The book is about global energy use, its past and present, and its increasingly uncertain future. It lists the various ecological problems facing our planet, not just climate change, and how their gravity has been underestimated. It briefly looks at the various solutions, apart from renewable energy, proposed for solving the problems our present energy use raises, including solar radiation management, carbon dioxide removal, nuclear energy, and energy efficiency. Renewable energy (RE) is seen by many as the panacea for a variety of environmental challenges, and with the New Green Deal, even as a means of accelerating economic growth. The book critically examines the prospects for RE. It concludes that although it is essential that the world shifts to RE, not only will the ecologically sustainable energy from all RE sources likely fall well short of even present global energy use, but the very short time frame left for effective action means that RE cannot be more than of minor help. Hence, deep energy reductions will be needed, especially in high-income OECD countries. The book uses an Earth Systems Science approach, which is necessary because of the interconnection between the various challenges our Earth faces. It aims to combine the latest findings from a diverse array of biophysical as well as socioeconomic sciences to uncover the increasingly constrained energy options we will encounter.
Table des matières
Chapter 1 – Introduction to Global Energy Challenges.- Chapter 2 – The Problems with Tech Fixes.-Chapter 3 – The Limits of Renewable Energy.- Chapter 4 – Future Energy.- Chapter 5 – Discussion and Conclusions.
A propos de l’auteur
Patrick Moriarty is currently an adjunct associate professor in the department of design at Monash University Caulfield. He taught civil engineering at Dar es Salaam Institute of Technology from 1971 to 1976 and carried out field research on low-cost housing in Tanzania. From 1977 to 2009, he taught and researched in the civil and mechanical engineering departments at Monash, and more recently in the Department of Industrial Design. His research interests include urban land use and transport, alternative transport fuels, and renewable energy more generally. An important part of this research has been the climate change implications of different fuels/energy sources for transport and electricity generation.

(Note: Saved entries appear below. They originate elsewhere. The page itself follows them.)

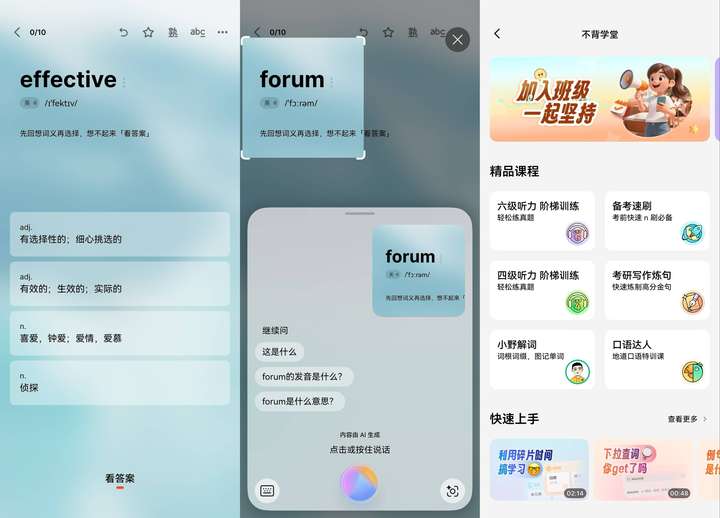 还有一个我珍藏多年的App要分享给学弟学妹们,那就是不背单词App,四六级考试是每个大学生都要面临的“噩梦”,背单词是学英语的基础,这么多年学的都又还给老师了,一到考试两眼黑,我第一次四级考以失败告终,第二次考试总算是过了,全是不背单词的功劳啊!,在背单词的时候能直接把词组搭配、派生词和词根一起学习了,组合记忆更牢固,而且升级鸿蒙5之后,如果想了解关于词汇更多的信息可以直接“圈一圈”,问问小艺,更多答案瞬间出来,我高效学习的秘诀就在这里!新手想快速上手,还有专门的板块来指导大家,非常贴心。
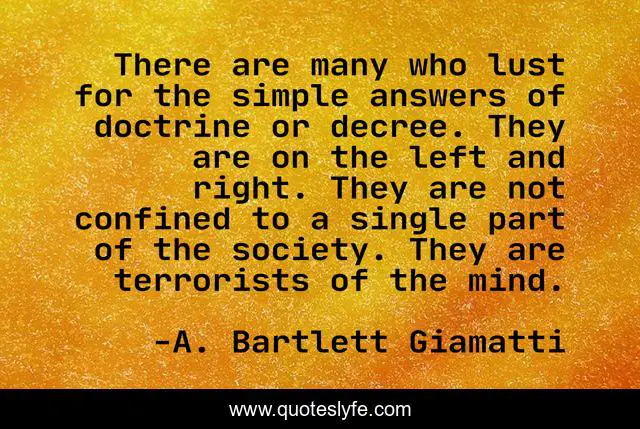 This page presents the quote "There are many who lust for the simple answers of doctrine or decree. They are on the left and right. They are not confined to a single part of the society. They are terrorists of the mind.". Author of this quote is A. Bartlett Giamatti. This quote is about simple, single, mind,.
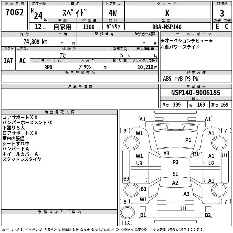 TOYOTA SPADE Красный 1300 см3 2012 год
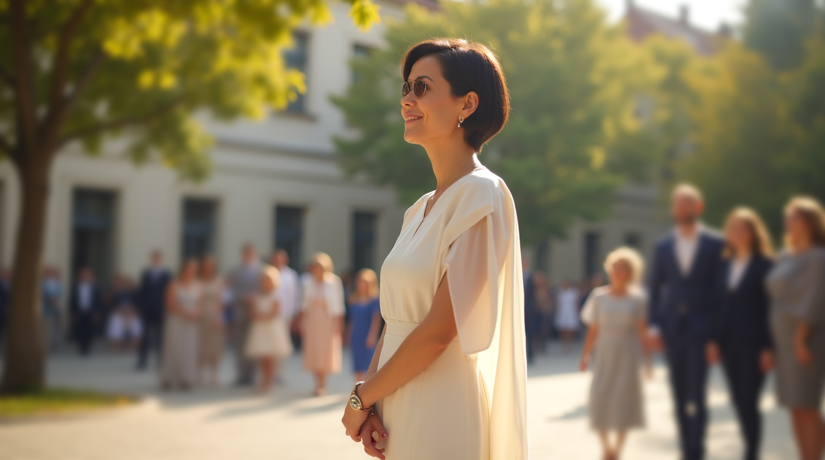 Такой образ хорош тем, что не привлекает внимание к одежде, а подчёркивает вас. Лёгкую, собранную, ту самую маму, которая пришла не блистать — а разделить важный день. Подойдёт тем, кто ценит классику без пафоса. Кто хочет быть нежной, но не сахарной. И оставить в памяти выпускной — не только в фотографиях, но и в ощущении.
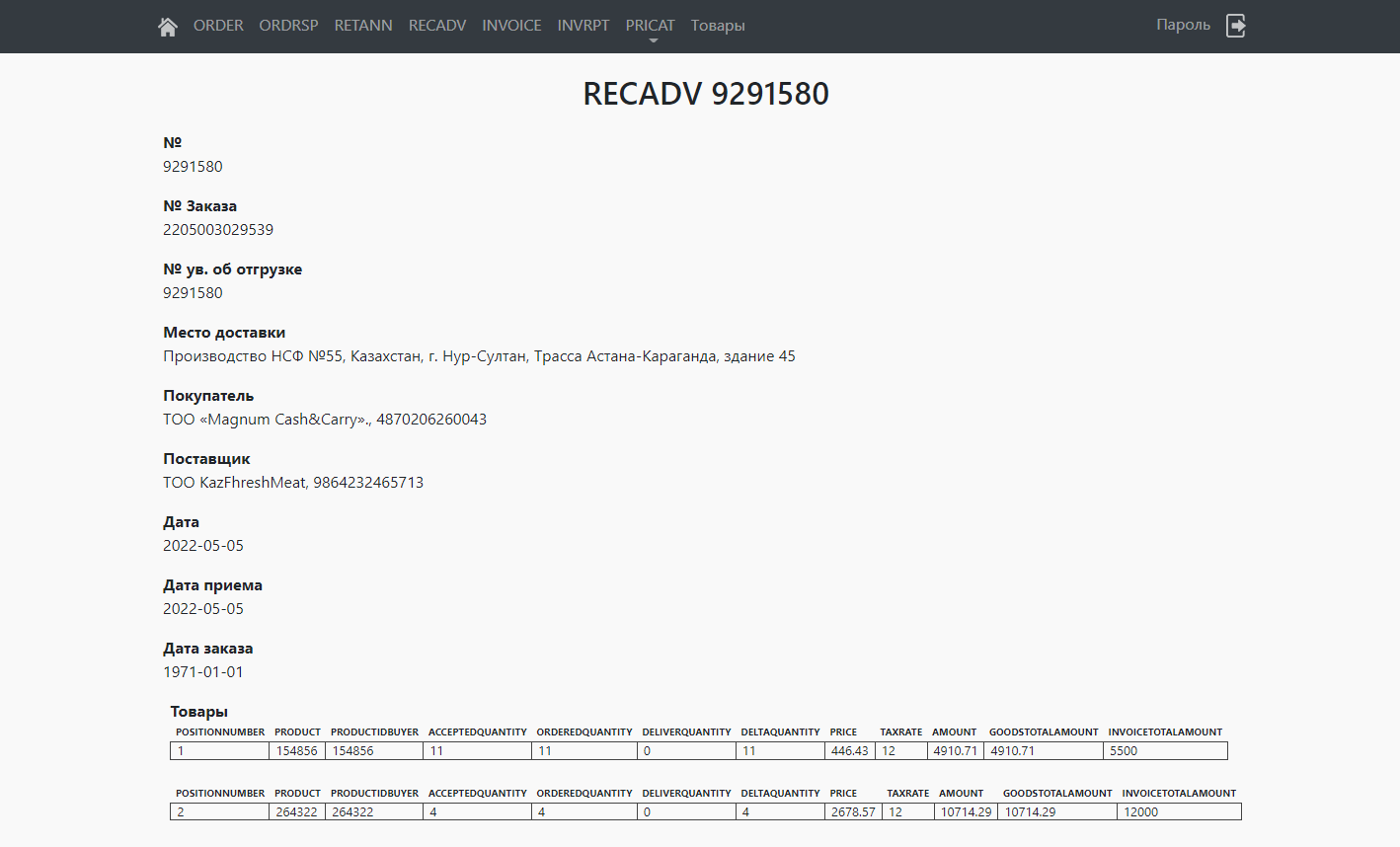 Чтобы просмотреть «Уведомление о приёмке» (RECADV), нажмите на кнопку RECADV на главной панели, ниже списком будут указаны все уведомления, где фактическая продукция была принята. Чтобы просмотреть более подробно, нажмите на номер заказа
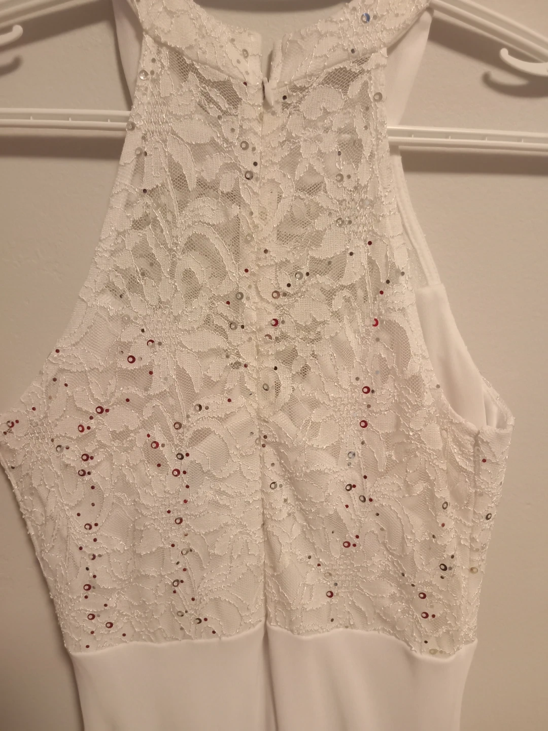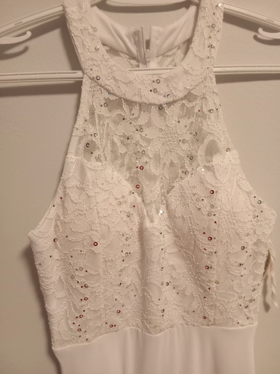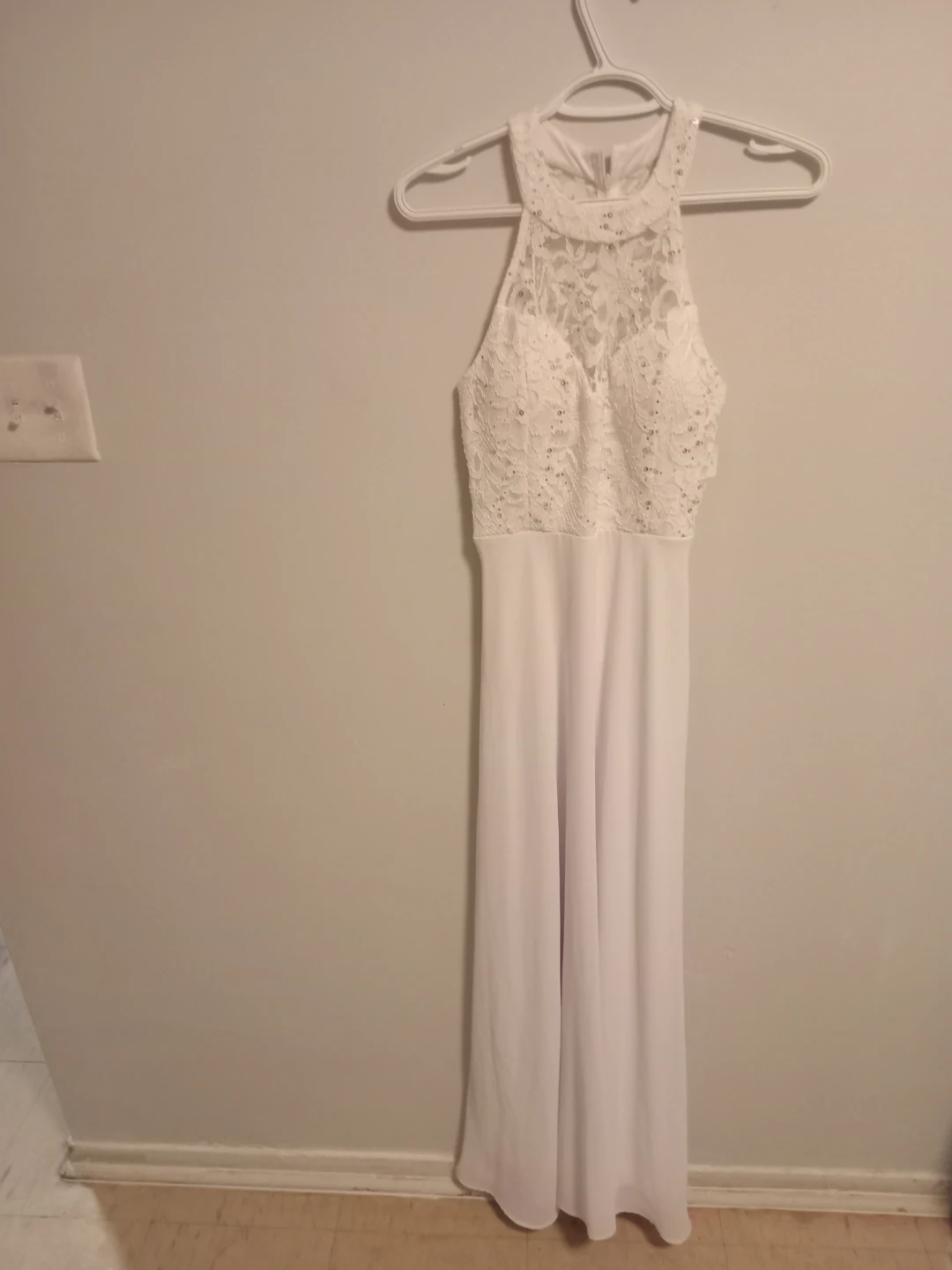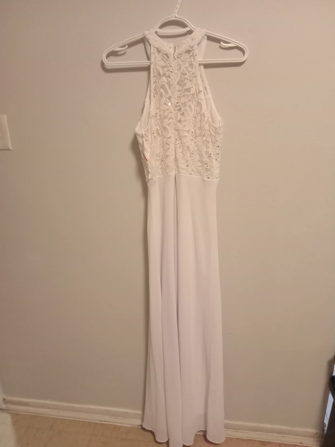 Selling a beautiful white maxi dress with a lace halter top. It features delicate detailing and a flowing skirt. Perfect for a special occasion or a summer event!
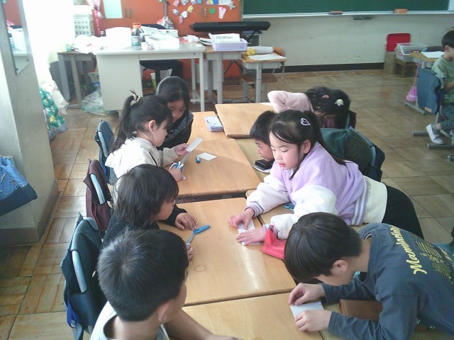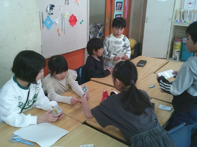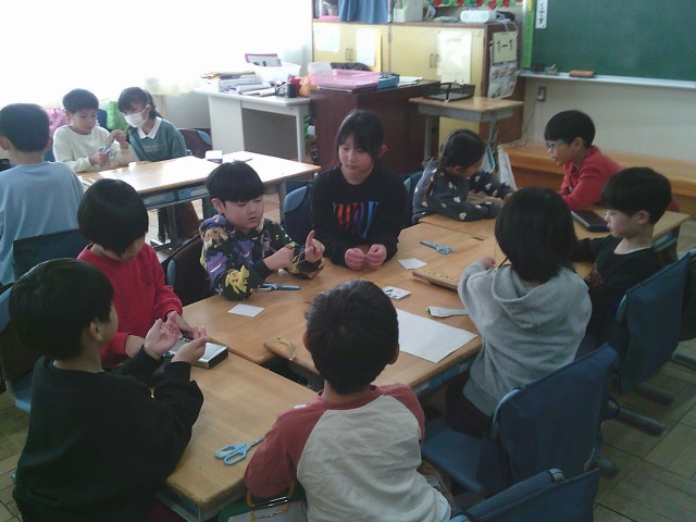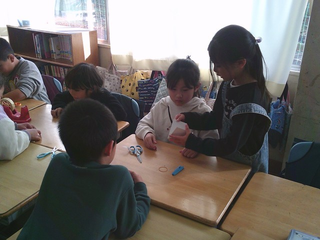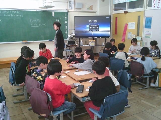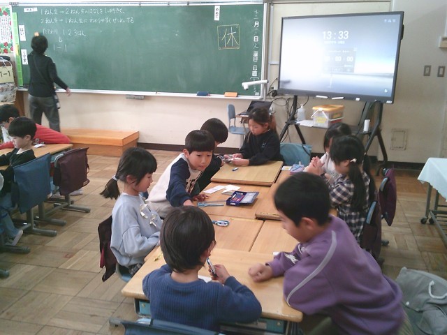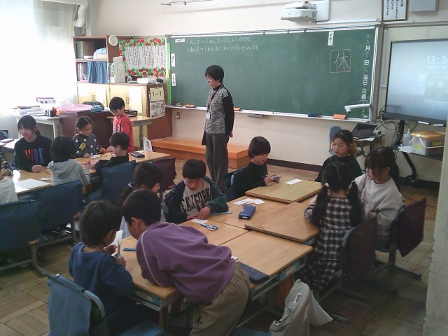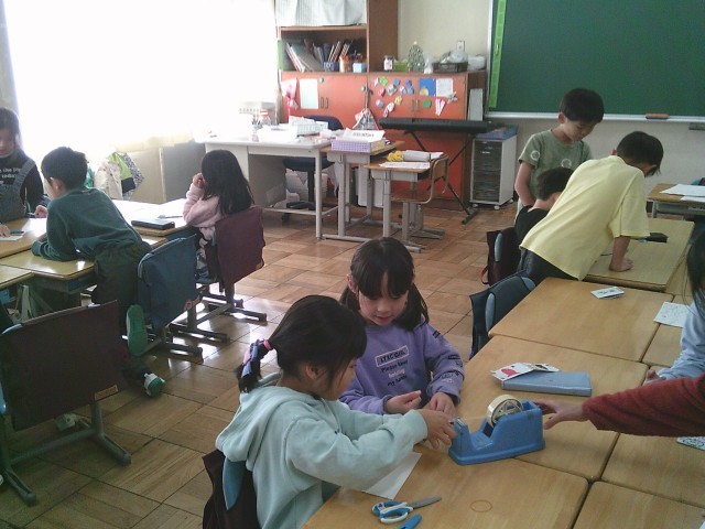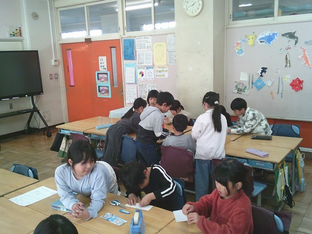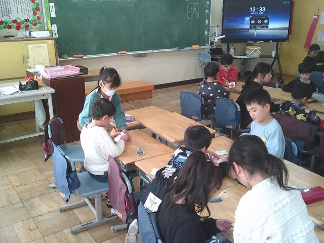 16日(火)5時間目、2年1組は生活の時間でした。「1年生とあそぼう!」の本番です。パッチンガエルの作り方を同じたてわり班の1年生に教えて、一緒に楽しむことがめあてです。半数は1年1組で、もう半数は2年1組で活動ました。2年生はパッチンガエルの作り方を順番に教え、1年生は教えてもらったとおりに作っていきました。優しく教える2年生の姿がとてもすてきでした。

Damon Honnery is a professor in the department of mechanical and aerospace engineering, and the deputy dean (operations) of the engineering faculty at Monash University. His research interests cover a broad range of topics including energy systems, climate change mitigation, and transport. He jointly directs the laboratory for turbulence research in aerospace and combustion in which much of his fundamental experimentally based research is undertaken on high-speed multiphase flows and supersonic jets and engines. He was a lead author in energy systems in the IPCC fifth report.